Scendere in metropolitana non è un po' aprire le porte di un inferno quotidiano? In fondo i mezzi pubblici, specie nelle città affollate, sono tra i luoghi più estranianti, in cui trasudano gli istinti primordiali... «E' lì il punto. Ebbene, anche sotto le viscere della città, in metropolitana, possiamo assumere un atteggiamento meditativo. Ci vuole molta resistenza, molta capacità di sopportazione del genere umano. Bisogna non lasciarsi assorbire dalla folla, evitare lo spaesamento, il disprezzo, l'irascibilità. Riuscire a resistere e coltivare la propria interiorità nei luoghi ingrati della vita, quelli in cui si tende a provare fastidio, a detestare tutto e tutti».

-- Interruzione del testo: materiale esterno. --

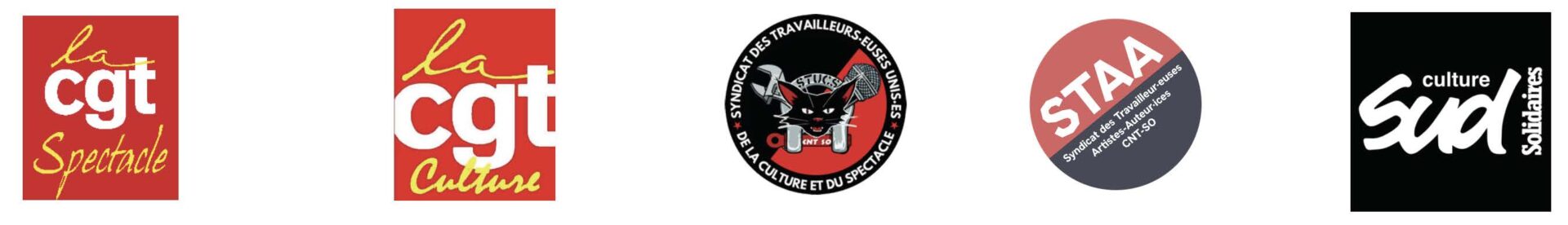 CGT Spectacle, CGT Culture, STAA – Syndicat des Travailleur·euses Artistes-Auteur·ices – CNT-SO, STUCS – Syndicat des Travailleurs.euses Uni.es de la Culture et du Spectacle – CNT SO, SUD Culture Solidaires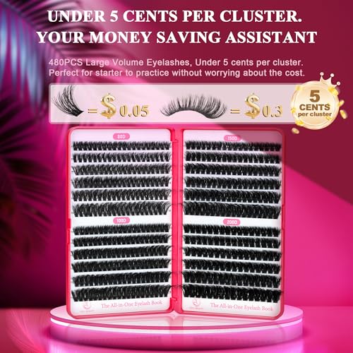 Specification: Bombshell X Volunm Lash Clusters Kit Thick Mink 80D-200D Lash Extension Kit 400Pcs 5D Fluffy Eyelash Extension Kit 10-18mm Individual Eyelashes with Lash Bond, Lash Remover, Lash Applicator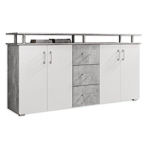 Stella LIFT Highboard avec étagère béton blanche - Armoire d...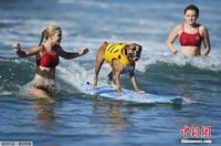 美国举办狗狗冲浪比赛 汪星人上演水上大PK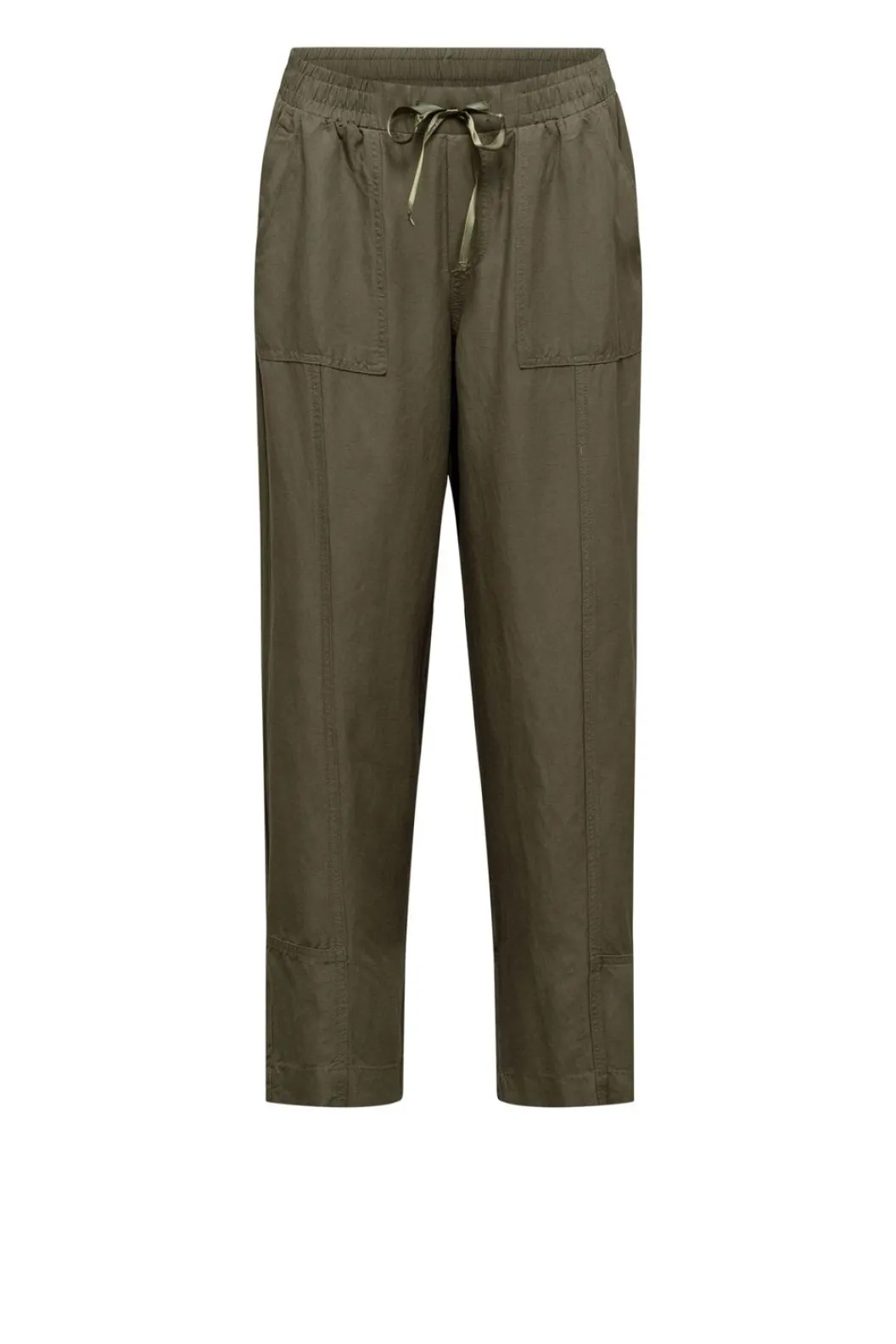 Deze Los Vallende Legergroene Broek Met Linnen Look Heeft Een Elastieken Band In De Taille Met Een Trekkoord. De Broek Heeft Grove Steekzakken En Twee Zakken Op De Achterzijde. De Broek Heeft Een Rechte Pijp.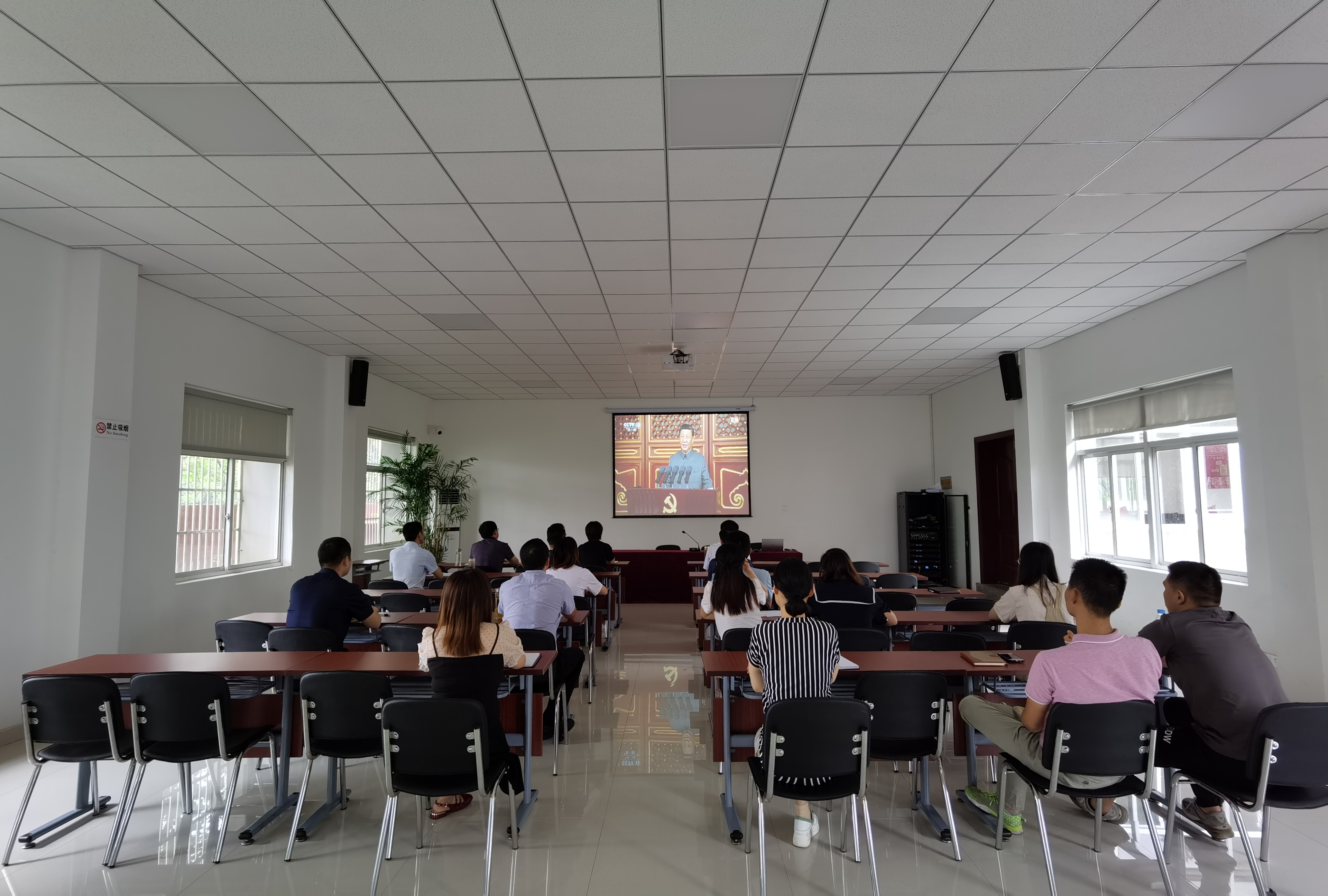 7月1日,市委黨校組織全體教職工集中觀看慶祝建黨一百周年活動現場直播。上午8點前,全體教職工早早地來到案例教學室等待直播的開始。

L'asceta metropolitano può e deve muoversi nella folla senza cadere nella spersonalizzazione. Ma è davvero possibile? «Credo che una città come la nostra sia abitata da molti asceti, personalità prefilosofiche che nemmeno sanno di esserlo...», azzarda Demetrio. Che prosegue: «Io parlo da pentito della metropolitana. In passato rifiutavo i mezzi pubblici, ma oggi ho riscoperto il piacere di scendere nel ventre della città, magari per riemergere in luoghi che non conoscevo, come certi quartieri di periferia». Non a caso Marc Augè nel recente libro «Un etnologo nel metrò», confessa di vedere nella metropolitana di Parigi un luogo di osservazione e di riscoperta dell'identità. «È vero, anche Augè sta rivedendo il suo pensiero. Proprio lui, che ha teorizzato i nonluoghi, ci sta dicendo che in metrò si sente più parigino che mai e terribilmente vicino alle persone, agli uomini». È un caldo pomeriggio d'aprile, il sole tiranneggia i piazzali della Bicocca. Mi immergo a Precotto, linea rossa. A Loreto guasto tecnico, scendere tutti! Nel frattempo c'è chi esce dal lavoro ignaro. La folla si accalca sulle banchine, suda, sbraita, spintona. Lo confesso, mi ci metto anch'io, asceta in nuce.

Ma da settembre, giuro, cambierà tutto.